I thought I’d finally be able to breathe. We had a routine, a sense of “normal” again, and on the outside things looked stable. At the time I didn’t realize what was necessarily happening to me. I started noticing more moments of irritability, snapping over small things, and then suddenly having these waves where I’d almost spaz out.
One month, I cried for what felt like a whole week straight, struggling HARD, thinking it was just PMS. I kept wondering if these moments of me literally wanting to freak the f*** out were normal because… WHAT.
The next month, I realized I was getting overstimulated. I didn’t know if it was just me who was struggling this much. I started talking to my mom friends and that always helps after being a little vulnerable. I felt better, like okay… thank God it’s not just me.
But then, it started getting harder. Slowly, everything began to overwhelm me. The day to day tasks I used to kick ass at? I couldn’t keep up anymore. I felt like I was drowning.
And the guilt? The guilt was and still is the worst. (That’s another thing we can totally talk about later).
Work, home, Mateo, Chris, my dogs… everything felt so heavy. That’s when I really started to feel alone — like, is it supposed to feel like this? Am I going to be like this forever? I didn’t want to be like this.
I remember crying in the kitchen while Mateo was calling for me to help him.

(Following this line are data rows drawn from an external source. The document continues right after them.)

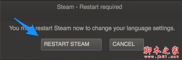 接着软件提示我们需要重新启动 Steam 才可以对设置的新语言第生效,点击 Restart Steam 按钮就可以了。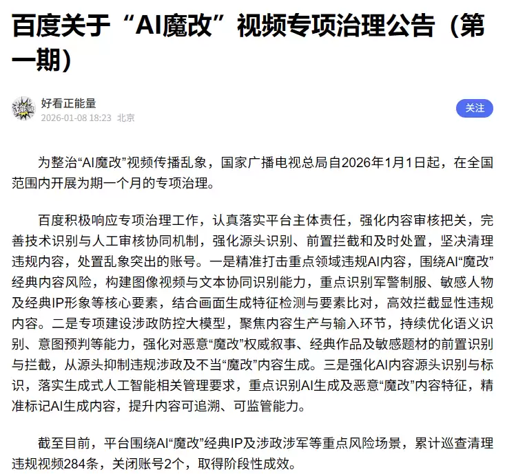 百度平台将治理重点放在AI篡改经典IP及涉政涉军等高风险领域,通过动态巡查机制清理违规视频284条,关闭2个恶意传播账号。微博平台建立“AI魔改”内容预警系统,拦截违规视频190余条,并对7个违规账号实施阶梯式处罚,包括阶段性禁言至永久封禁等措施。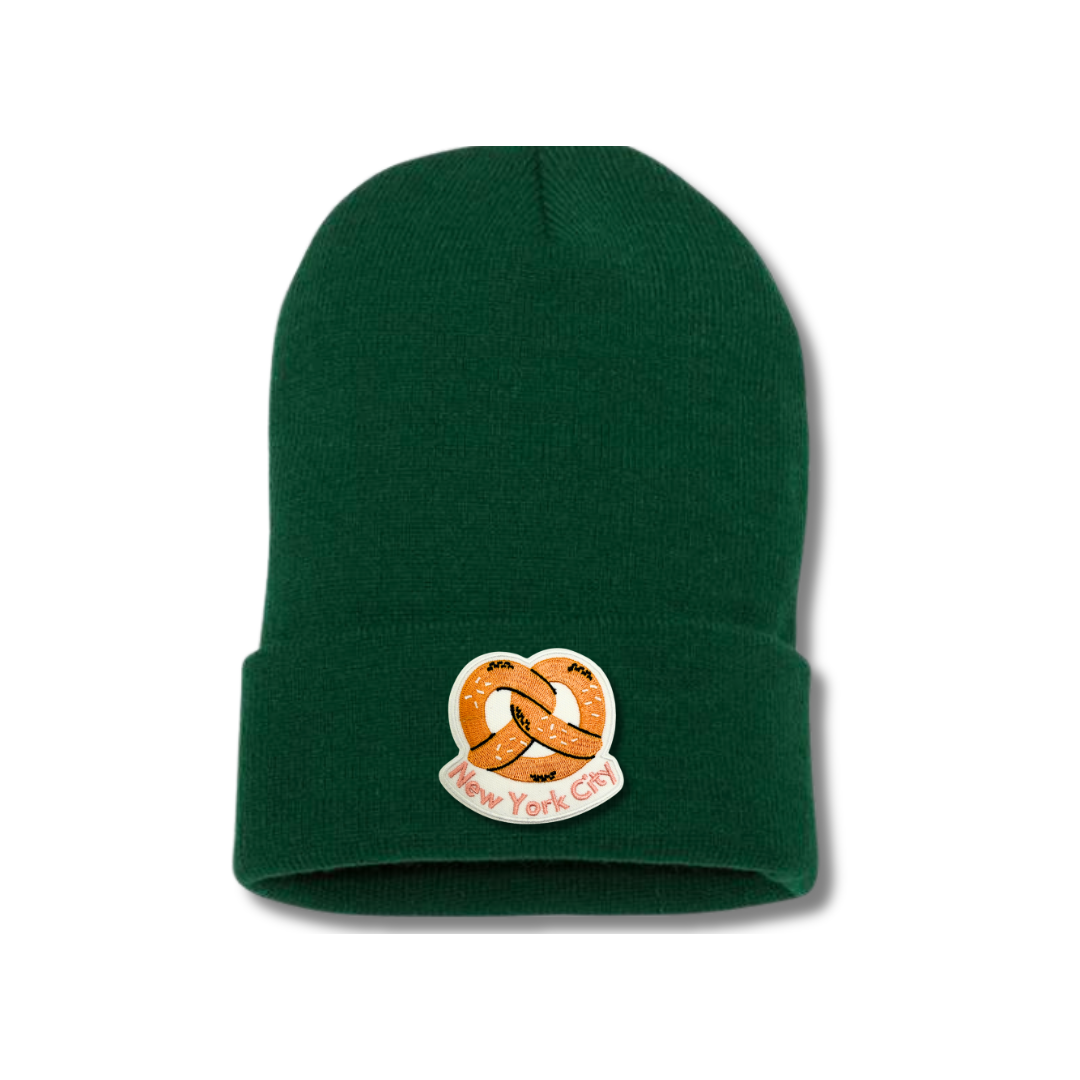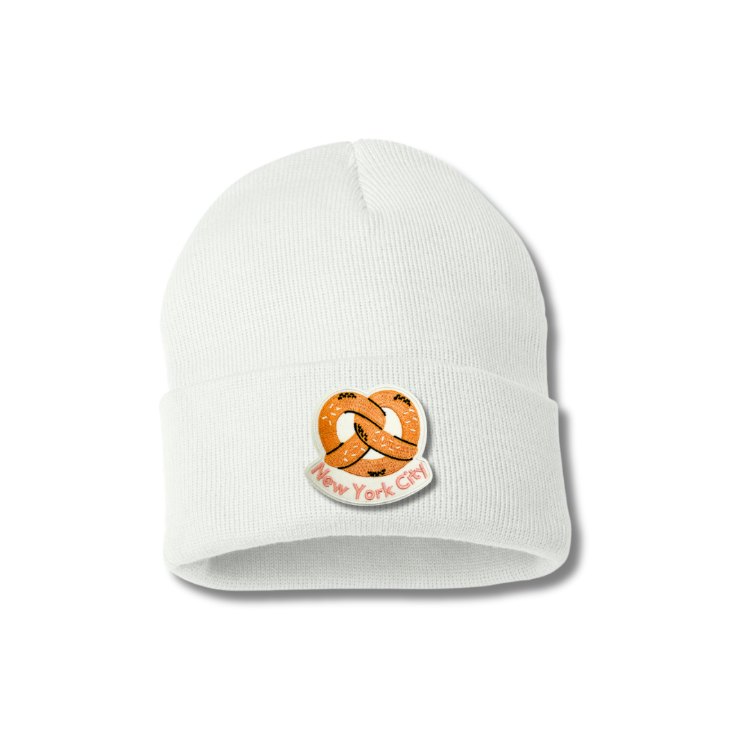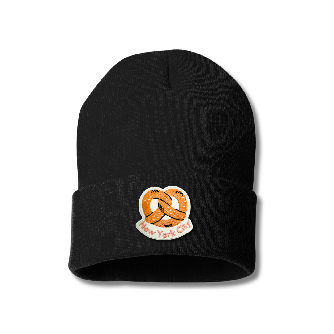 Stay cozy with a slice of NYC pride! This playful beanie features a custom Pretzel patch that celebrates the Big Apple's iconic street food culture. Whether you're braving the cold or just want to rep your favorite city, this soft, snug beanie keeps your head warm while showing off your love for all things NYC. A fun accessory that's as genuine as a fresh pretzel from the corner cart.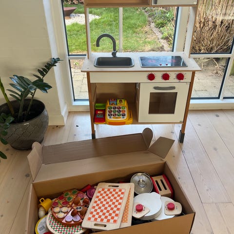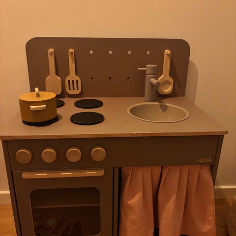 Flexa legekøkken i træ i rosa farve. Legekøkkenet har kogeplader, vask med armatur, ovn med låge og knapper på fronten. Under bordpladen er der opbevaringsplads skjult bag stofgardin. Velegnet til rolleleg i børneværelset eller legeområdet. Inkl. tilbehør som vist på billederne, herunder forskelligt legetøjsmad og service i træ og plast.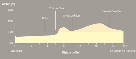 Na saída de La Losilla em direção a Palazuelo de Boñar, tomar um caminho de terra que sai à direita e leva a Boñar. Esta rota atravessa de sul a norte até chegar ao Barrio de las Ollas. Da parte alta desta localidade chega-se a um caminho de terra que nos permite a ligação com a estrada Ranedo de Curueño. A partir desta estrada começa uma trilha à esquerda pela qual desceremos até Otero e daí até La Vecilla de Curueño.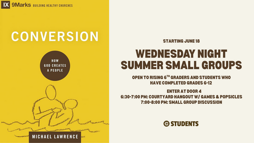 Starting June 18, plan to join us for small group discussions based on the book Conversion: How God Creates a People by Michael Lawrence.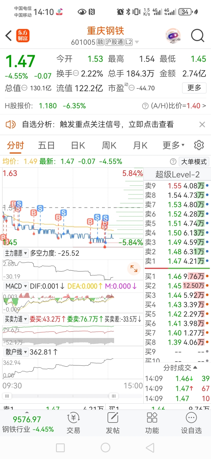 $重庆钢铁(SH601005)$ 我还治不了你!我只要赚一个菜钱就行,每次52-12=40元。5×40=200元。今天任务完成。

Even attending to him sometimes felt like, “oh my God 😖.” And yes it’s normal to feel like that on hard days, but you shouldn’t be crying all the time.
Chris and I started having more arguments. I was also trying to figure out who I was again, learning to set boundaries for myself. Everything felt so loud. Mateo was only wanting me, acting up a lot, and it was so triggering sometimes we’d both end up crying… a lot. Lmao.
My patience was thinning in every aspect of my life. Some days were easier, others were rough.
I was struggling.
It wasn’t all the time — sometimes it was just a few moments, other times it was a few times a week, or just a “shit ton” of moments 😂 — but when the lows hit, they hit low.
I remember realizing one day that once I am calm, Mateo is calm. I tried so hard to “manage my emotions” (which honestly looked more like trying to shut them down). I remember doing so good for a week, and then the next week… I was having the biggest internal battle not to lose it over everything.
🤎🤎🤎 Have you ever had that moment where you realized you were not okay, even when everything around you seemed fine? What did that moment look like for you?